Speaking to Y over the phone, Justin, who is now preparing to enter medical university, says: “It’s connections to real people –making friends and discussing about the things that matter –that count.

“When I was presented with a phone, I thought that it was the world. Granted, I made a complete hash of my teenage years, too.

“It’s never too late to stop. When I was forced to put aside my life in Oman and go away for better, I thought I wouldn’t last a day.

“But you know what?–I changed.”


Pros and Cons of smartphones


Pro: Always Connected

Smartphones are essentially pocket-sized computers. The biggest difference, however, is their ability to access the internet through the same towers as a regular cell phone. This extends the reach of not only voice, but email and even video, to a much wider area. This can increase productivity and decrease response time for personal and work tasks.

Con: Always Connected

Those “dings” and “beeps” from your smartphone can turn you into Pavlov’s dog. Since the phone is always on, always within reach, many smartphone users find themselves always at the mercy of its notifications, especially when they shouldn’t.

Pro: More Than Phone Calls

A regular phone makes calls. A mobile phone makes calls and receives text messages. A smartphone does even more. With the advent of apps, programmers can build functionality into a phone that goes far beyond merely talking.

Cons: More Than Phone Calls

You can’t efficiently receive updates on your favourite football player through a phone call. You can’t really receive celebrity gossip via text message. You can, however, get all of this and more through smartphone apps. Although smartphones can spur innovation, they more often breed a whole new means of time wasting. Games and apps for virtually every small interest are available, each one vying harder than the last for your attention. As a result, smartphones consume more time with unproductive activities than with productive ones.

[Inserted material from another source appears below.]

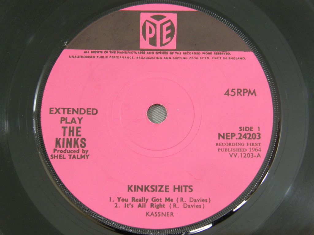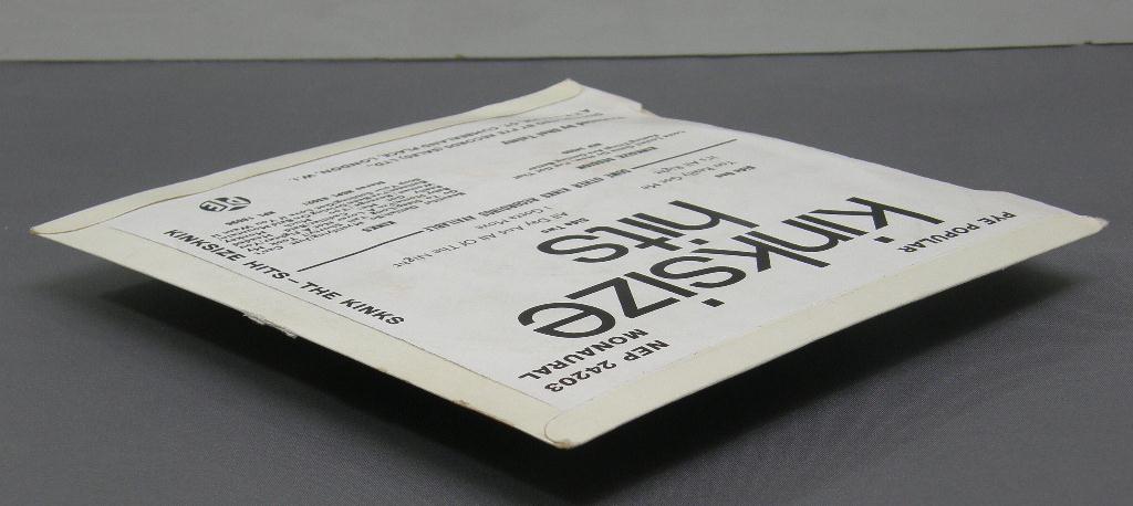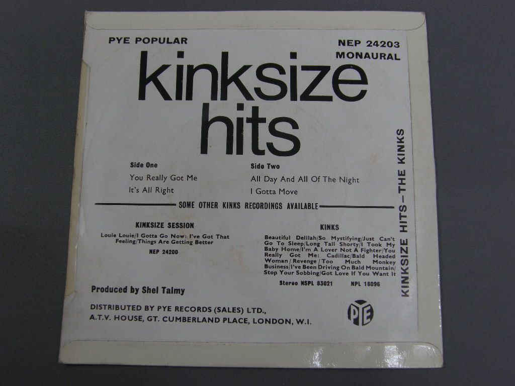 KINKS/KINKSIZE HITS EP NEP24203 製造国:英国盤 / Media:7inchMatrix:A1R | B1R外観:EX盤の状態:EX- 価格(税込):¥13,200 送料 7inch:定形外郵便 360円~LP:定形外郵便 660円~送料は、注文の最終画面で確認頂けます。 > > KINKS/KINKSIZE HITS EP 外観 (EX)特記事項:背スレが少し。レコード取り出し口上角でスレわずか。表ジャケは薄いレコードリングスレが出ていますが、全体的にはスレやスリキズ、コーティングのヨレシワのあまりないきれいな状態。右下角でゆるい折れ軽有り。裏ジャケもよごれ等は少ないです。外観EXの共通説明:ダメージが限定的。中古品としては保存状態がよい方。シミ、ヨゴレ、スレ 少し~軽度。 盤の状態 (EX-)特記事項:薄いスリキズ、表面スレ多少。A1の後半にプチ出る小キズありますが、モノ針ならあまり気にならない程度。他もモノ針なら影響ない程度のすういものの様子です。曲間など、静かなところを中心に聴いて見ましたが、チリプチ少なめで音もクリアーになっている様子でした。盤EX-の共通説明:盤面のスリキズが多少有り。音に出そうなものは殆ど無いように見える~さほど気にならないぐらいの軽いプチ数カ所程度。 Tweet それぞれの画像をクリックすると、大きい写真が見られます こちらの商品もお勧めです

Productive ways to take a break from your smartphone


1. Enjoy some outdoor activity

Get out of the house more and re-establish your connection with nature. Go out for a walk or a run. Invite your friends over and play your favourite sport. Or try something new, like mountain biking or camping.

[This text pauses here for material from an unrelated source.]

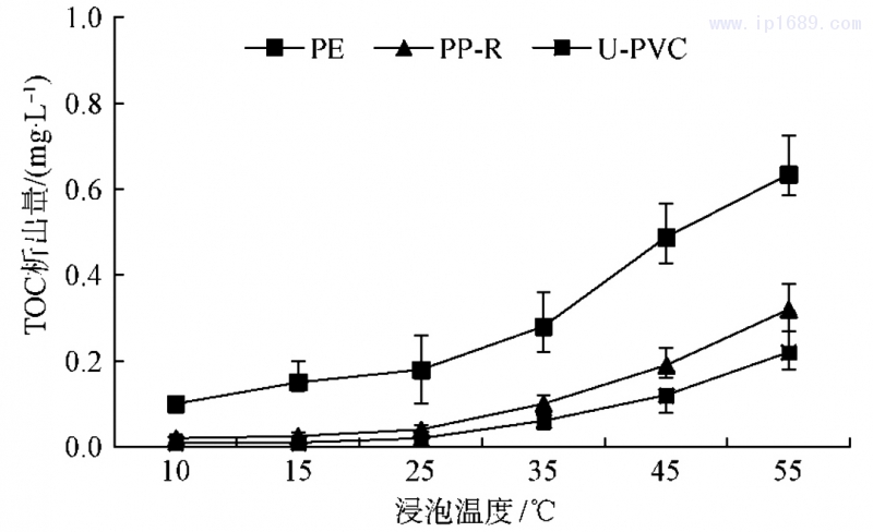 圖4為3種管材PE、PP-R、U-PVC樣品在10、15、25、35、45、55℃條件,避光浸泡24h后,TOC的析出情況變化。

Do all the outdoor activities that you love. This will also encourage your social interactions with your friends and colleagues.

2. Read a book

Instead of reading your favorite novel on your smartphone, head to the library or bookstore and get a physical copy. Nothing beats the relaxing feeling of reading a physical book beside a window with a hot beverage.

3. Get a pen and write

Do you ever miss those moments of writing a letter to your special someone using a pen and paper? Or expressing all your thoughts and sentiments in a diary?

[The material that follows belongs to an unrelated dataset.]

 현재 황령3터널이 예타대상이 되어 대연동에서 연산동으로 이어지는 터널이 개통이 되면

It’s time to bring them back. The old-fashioned way of writing is still the best way to convey your feelings.

4. Spend some time on your hobbies

Do you love to cook, bake, or paint? Whatever you love doing, it’s time to get back to your hobbies and spend some time on yourself.

5. Bond with your pets

There’s a reason why dogs are considered “man’s best friend.” Spending time with your pets is a great way to relieve stress and feel happier.